While coercing the columns to characters did allow us to bind the rows of all our dataframes, we probably want some columns to be different types for a later analysis. Right now, we cannot calculate mean(surveys$Q1) since it is a character vector.

mean(surveys$Q1)
Warning in mean.default(surveys$Q1): argument is not numeric or logical: returning NA
[1] NA

We could go through each column and convert the type (surveys$Q1 <- as.numeric(surveys$Q1), etc.), or we could make use of type_convert() from the readr package.
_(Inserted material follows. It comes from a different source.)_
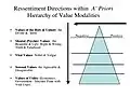 8) Pathological Ressentiment ultimately manifests as "Metaphysical Confusion". Metaphysical Confusion is a form of Value Delusion in which the value shift is more vertical in character,[36] in relation to the apriori hierarchy of value modalities. In this dimension, Value Delusion occurs a sort of twisting, or false inversion, of the value hierarchy wherein higher value-contents and bearers are viewed as lower, and lower as higher. Today we commonly refer to this phenomenon as "Having One's Priorities Out of Order." Scheler illustrated such an inversion in his analysis of Western civilizations humanistic, materialistic and capitalistic propensities to elevate utility values above those of vital values.[37][38] Carried to the logical extreme, "Ressentiment brings its most important achievement when it determines a whole "morality," perverting the rules of preference until what was "evil" appears "good".[39]
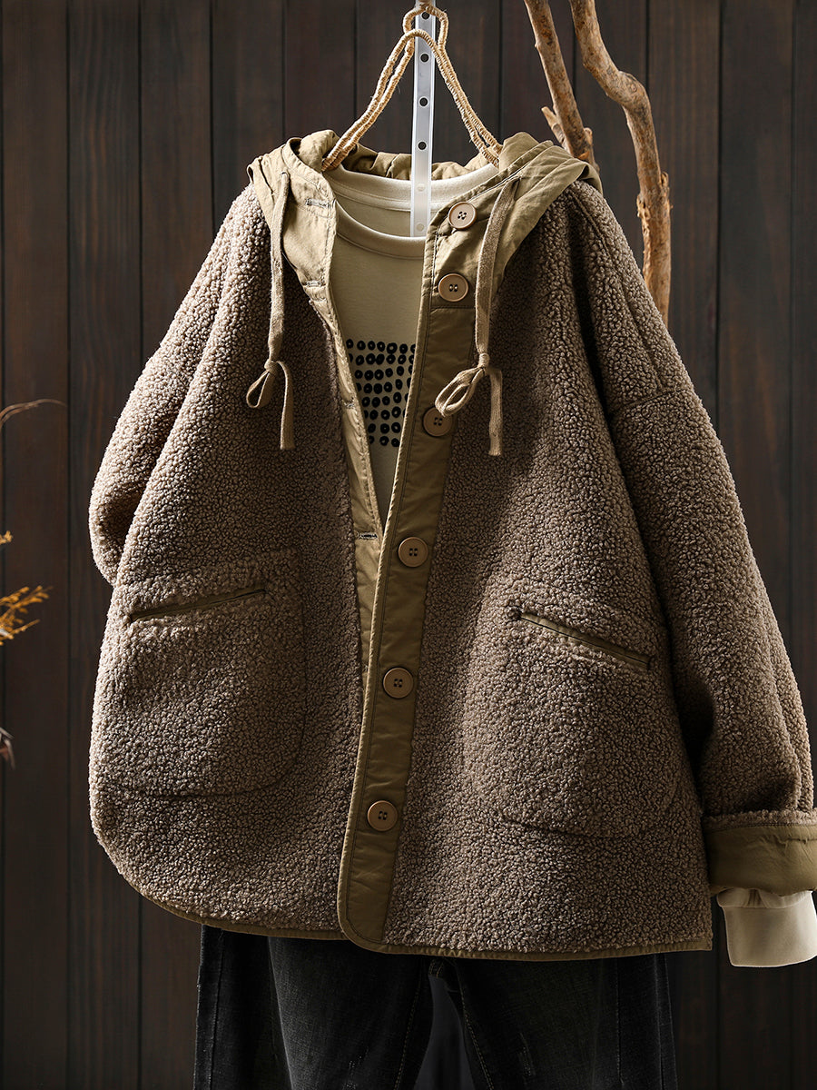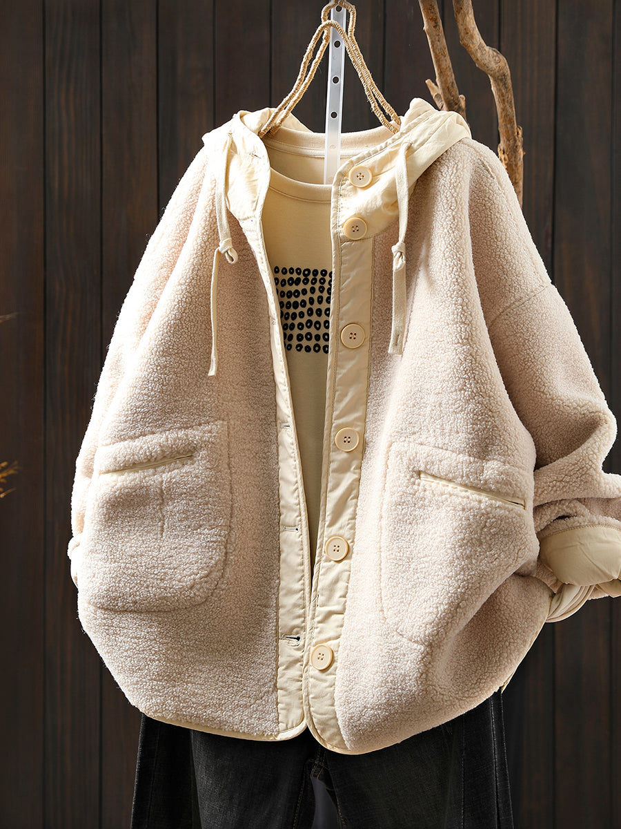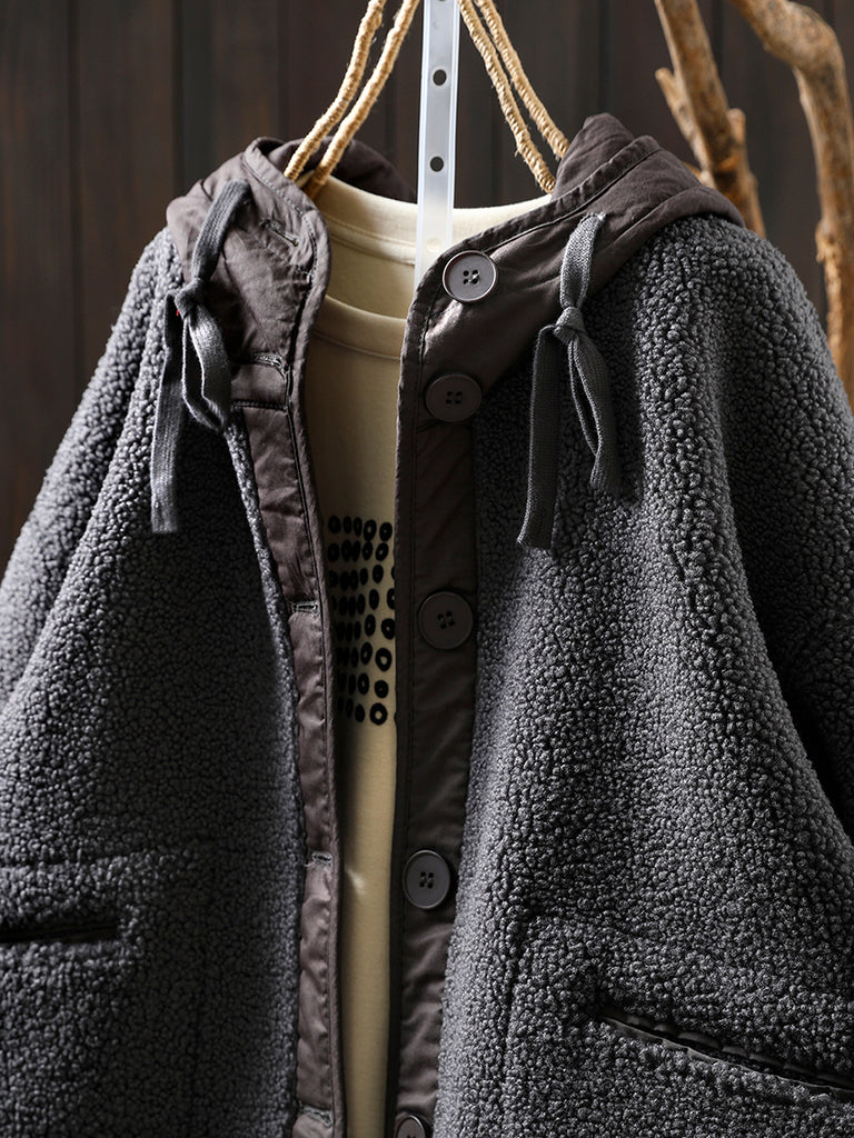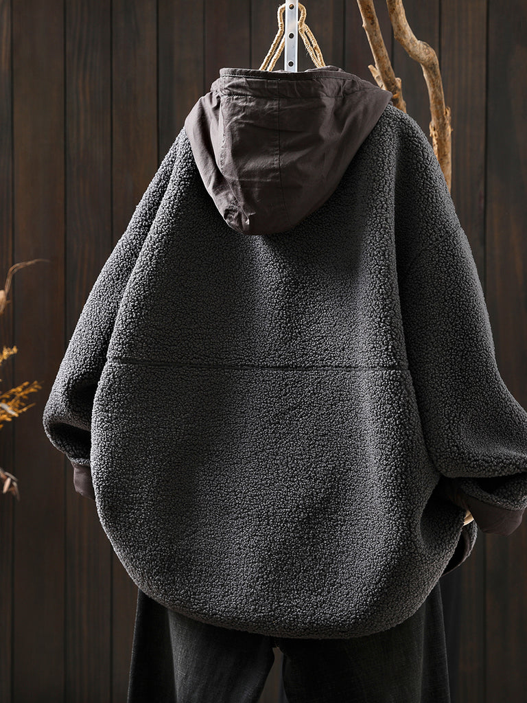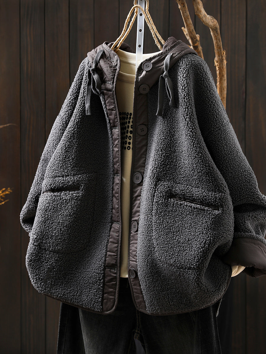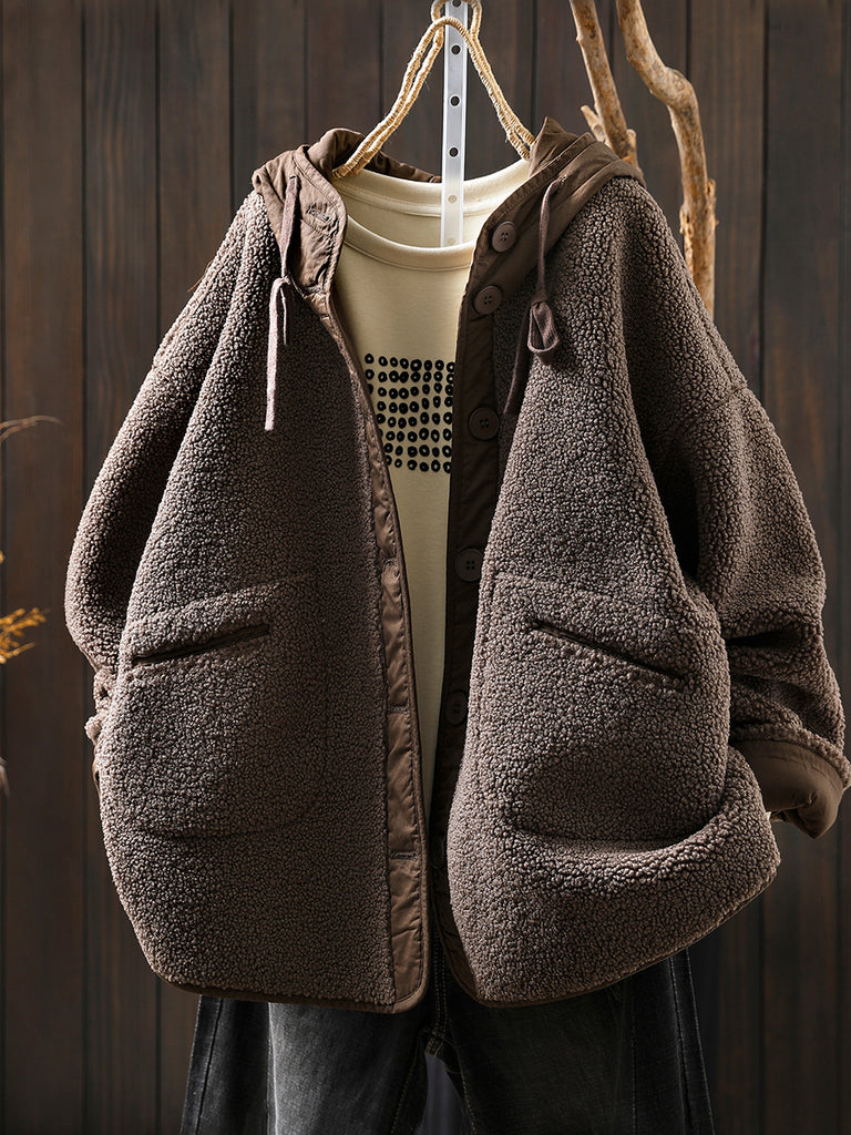 מעיל פליז בצבע טהור מזדמן לנשים בחורף

This function guesses the “true” type of each column and converts it for us, letting us know which type it chose for each column.

library(readr)

surveys <- type_convert(surveys)

-- Column specification ----------------------------------------------------------------------
cols(
  Q1 = col_double(),
  Q2 = col_double(),
  Q2a = col_character(),
  Q3 = col_double(),
  Q4 = col_double(),
  Q4a = col_character()
)
mean(surveys$Q1)
[1] 1.333333

17.4 Merging Exercises

  1. Merge the beaver1 and beaver2 datasets on the time column, and include all rows.
  • Bonus: Add a column called warmer that has a 1 whenever beaver1’s temperature was higher, and a 2 whenever beaver2’s temperature was higher. Ignore missing values. (If beaver1 is missing and beaver2 is not, the new column should say 2.) If the two beavers’ temperatures are equal, make the value of warmer missing.
  1. Append the rows of beaver2 to beaver1. Make sure there is a column that specifies the beaver number (1 or 2) for each observation.

  2. Combine state.abb, state.division, and state.name into a single dataframe.

  • Drop all rows where the state name is more than one word.
  • Merge this dataframe with state.x77.
  • Bonus: Add two columns corresponding to the two objects in the list state.center.